Start of Stored data

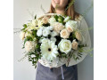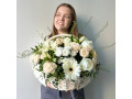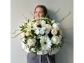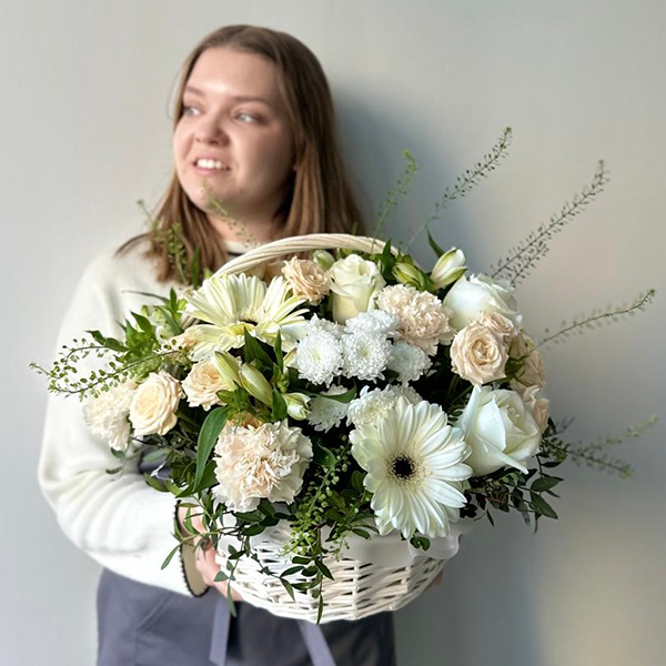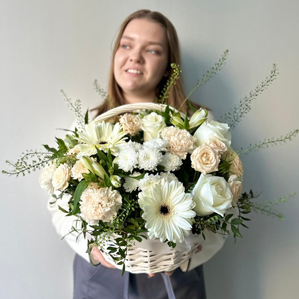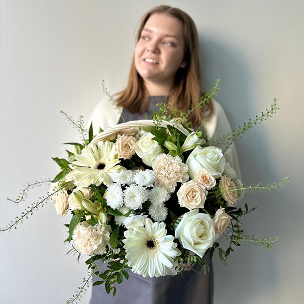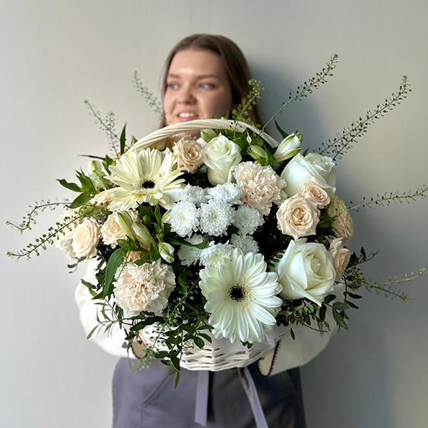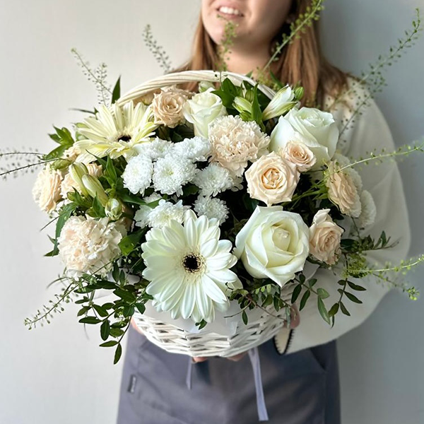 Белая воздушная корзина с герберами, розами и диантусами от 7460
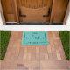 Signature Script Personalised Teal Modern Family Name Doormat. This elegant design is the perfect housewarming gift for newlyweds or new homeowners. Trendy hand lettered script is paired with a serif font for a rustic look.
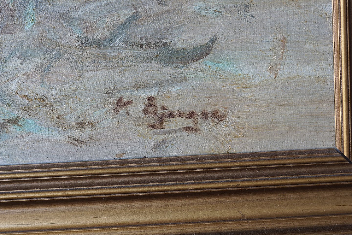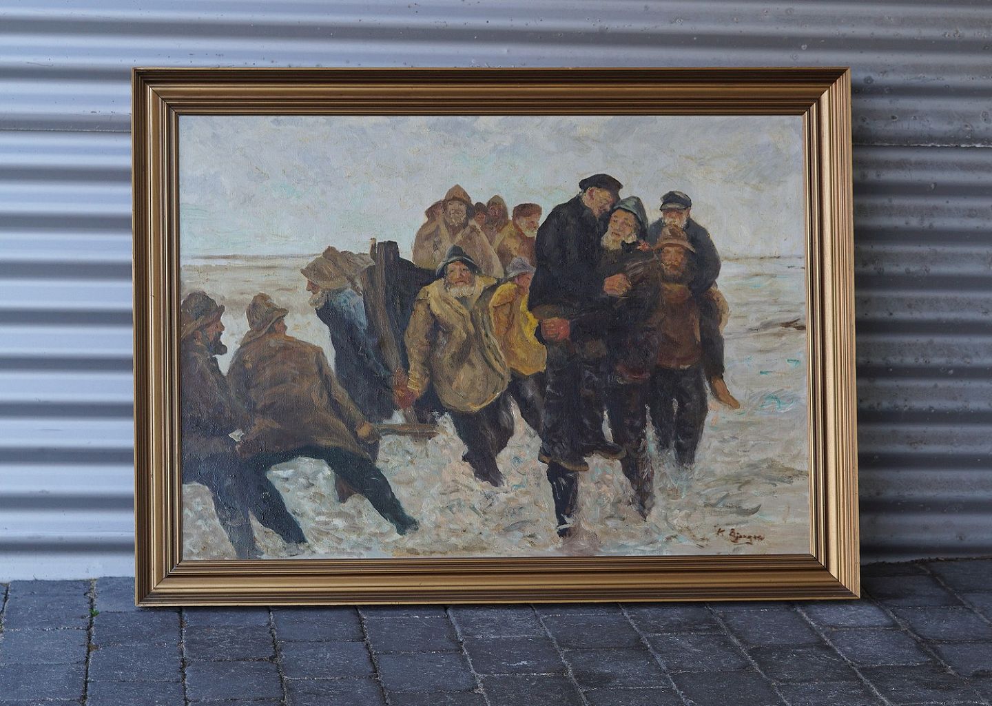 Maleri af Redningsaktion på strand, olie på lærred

End of Stored data

#### [Description of the task]
Every line of the listing is to be repeated exactly, and the pictures are to be dropped.

#### [Solution for this task]
 Белая воздушная корзина с герберами, розами и диантусами от 7460
 Signature Script Personalised Teal Modern Family Name Doormat. This elegant design is the perfect housewarming gift for newlyweds or new homeowners. Trendy hand lettered script is paired with a serif font for a rustic look.
 Maleri af Redningsaktion på strand, olie på lærred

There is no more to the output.